### Your instructions
Write the listing out again word for word, skipping each picture.

--- Supplied data ---

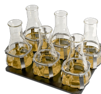
P-6/250 BS-010108-DK platform
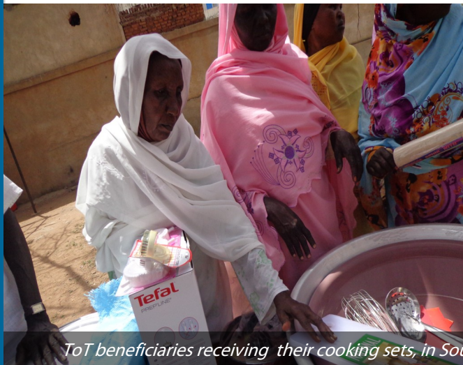
ToT beneficiaries receiving their cooking sets, in South Kordofan.

Another participant shares: "At the beginning of the training of trainers in food processing, I was not sure about how I would deal with women who are diverse and coming from different backgrounds. They were clearly divided, which adds to the challenge. Some of the XCs were members who belonged to opposing sides during the war. Others were civilians, who were not comfortable studying together in the same room with XCs. Could you imagine bringing people who fought in a war against each other into one room to study? I was personally in doubt, but, by the end of the training, participants forgot their political affiliation, their tribal belonging, and all differences, they came together as women, who shared one thing: an eagerness towards learning and improving their lives. They discussed and shared experiences, they laughed and cried together; it was not only food processing but also life processing (...). The training increased openness, social trust, and solidarity amongst participants and I'm very proud to have been part of that transformation."
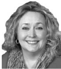
Sen. Carol Blood

Introduced by Bellevue Sen. Carol Blood, LB88 allows military spouses to obtain temporary licensure in Nebraska in a variety of health professions under the Uniform Credentialing Act.
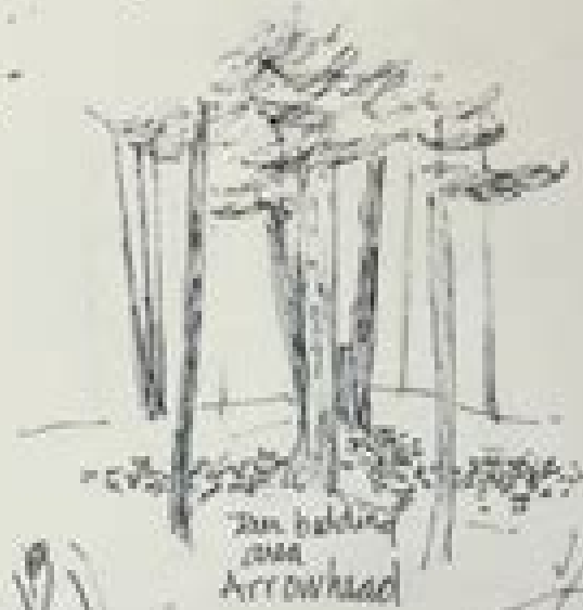
Man holding stick Arrowhead

---

### Answer section
P-6/250 BS-010108-DK platform
ToT beneficiaries receiving their cooking sets, in South Kordofan.

Another participant shares: "At the beginning of the training of trainers in food processing, I was not sure about how I would deal with women who are diverse and coming from different backgrounds. They were clearly divided, which adds to the challenge. Some of the XCs were members who belonged to opposing sides during the war. Others were civilians, who were not comfortable studying together in the same room with XCs. Could you imagine bringing people who fought in a war against each other into one room to study? I was personally in doubt, but, by the end of the training, participants forgot their political affiliation, their tribal belonging, and all differences, they came together as women, who shared one thing: an eagerness towards learning and improving their lives. They discussed and shared experiences, they laughed and cried together; it was not only food processing but also life processing (...). The training increased openness, social trust, and solidarity amongst participants and I'm very proud to have been part of that transformation."
Sen. Carol Blood

Introduced by Bellevue Sen. Carol Blood, LB88 allows military spouses to obtain temporary licensure in Nebraska in a variety of health professions under the Uniform Credentialing Act.
Man holding stick Arrowhead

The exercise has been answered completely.